Will Unmanned Aerial System (UAS) Change the Way of Field Observation?

DJI published their newest product: DJI-L1 and P1, early this year. The former one is a UAS with LiDAR camera. The new product would be available in April, 2021. So, if the UAS with LiDAR (P1 is equipped with LiDAR and RGB together) has the potential to improve the way of field observation in the next 5 years?

Above ground biomass (AB) is an important parameter in ecology and agriculture. It reflects the carbon accumulated in plant organism, and the information of canopy structure.

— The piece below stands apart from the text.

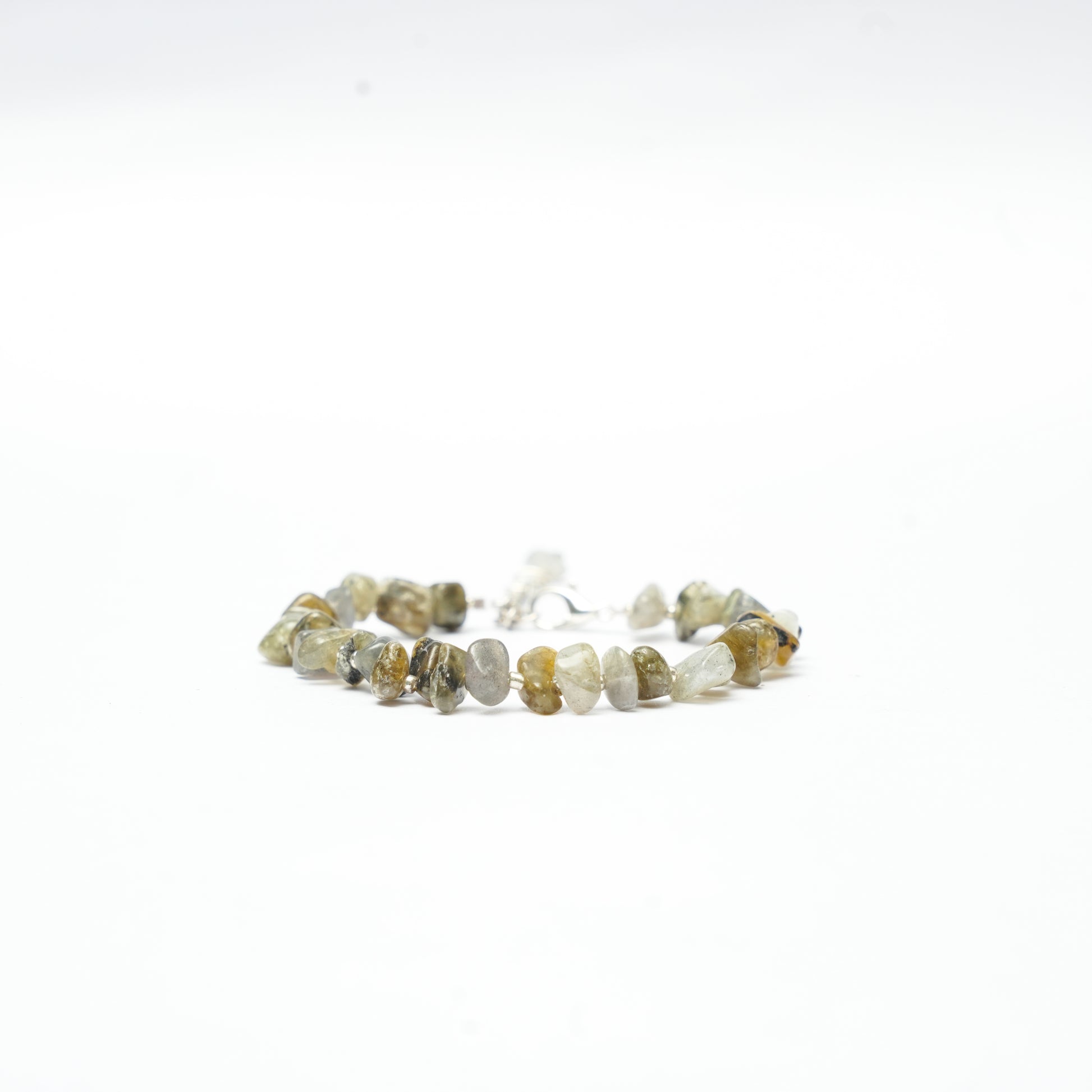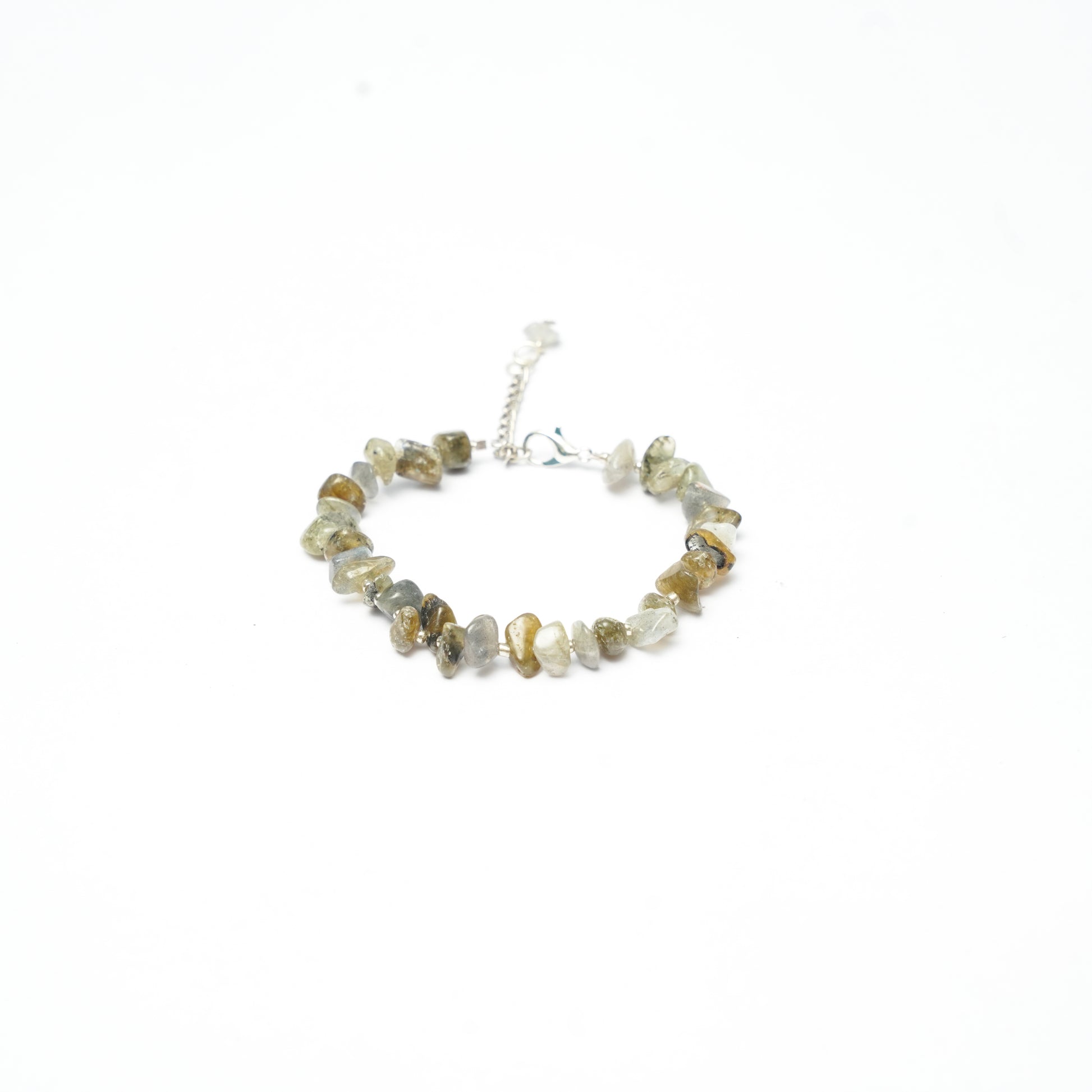 Discover the mystical energy of Labradorite, the stone of transformation and protection. This natural chip bracelet shimmers with flashes of blue, green, and gold, symbolizing strength, intuition, and spiritual growth.

Traditional way to observe AB is extreme time consuming (measure and record every single tree in each sample), and sometimes impossible. LiDAR equipped by plain has proved to be effective and accurate projecting regional AB by Zhao et al. (2018), see Fig. 1. But it cost a huge amount of money to carry out the investigation. So the new product of DJI makes it possible to do the same observation with, maybe, 10% of the cost compared it used to be.

Fig. 1. Theory of LiDAR observing AB. Equipment on plain (or UAS in the future) active a laser to the ground, receive and record the distance between the platform and the target point. Usually, several laser point (more than 3) would be projected within one square meter, which could be used to produce a DSM (Digital Surface Model) for the target region. The difference between DSM and DEM (Digital Elevation Model) for soil surface is the CHM (Canopy Height Model). We usually think CHM has a positive relationship with AB.

Let’s guess the potential application of UAS-LiDAR. There has been research about monitoring crop based on UAS (not with LiDAR, see Ashapure et al., 2019), proving the workflow is applicable. Regional AB map could definitely help with the yield prediction, and help with the model building and validation. UAS-LiDAR make it much easier and more accurate for users to project canopy height and AB than UAS non-LiDAR. Thus, I predict there would be increasing amount of research proposed about filed scale observation, or use the observed result to calibrate model, in the future years.

Also, LiDAR provides detailed information about canopy height and structure, which was usually neglected or simplified in current optical-based remote sensing analysis and radiative transfer equations (RTMs). Maimaitijiang et al. (2020) proved that a combination of canopy structure and optical information achieved a better performance predicting yield, based on a deep learning network. It still requires a process-based explanation before the method transplanting to natural biomes like forest. But anyway, it provides a possibility to improve the application of optical remote sensing information.


Ashapure A, Jung J, Yeom J, et al. A novel framework to detect conventional tillage and no-tillage cropping system effect on cotton growth and development using multi-temporal UAS data[J]. ISPRS Journal of Photogrammetry and Remote Sensing, 2019, 152: 49-64.

Maimaitijiang M, Sagan V, Sidike P, et al. Soybean yield prediction from UAV using multimodal data fusion and deep learning[J]. Remote Sensing of Environment, 2020, 237: 111599.

Zhao Y, Zeng Y, Zheng Z, et al. Forest species diversity mapping using airborne LiDAR and hyperspectral data in a subtropical forest in China[J]. Remote Sensing of Environment, 2018, 213: 104-114.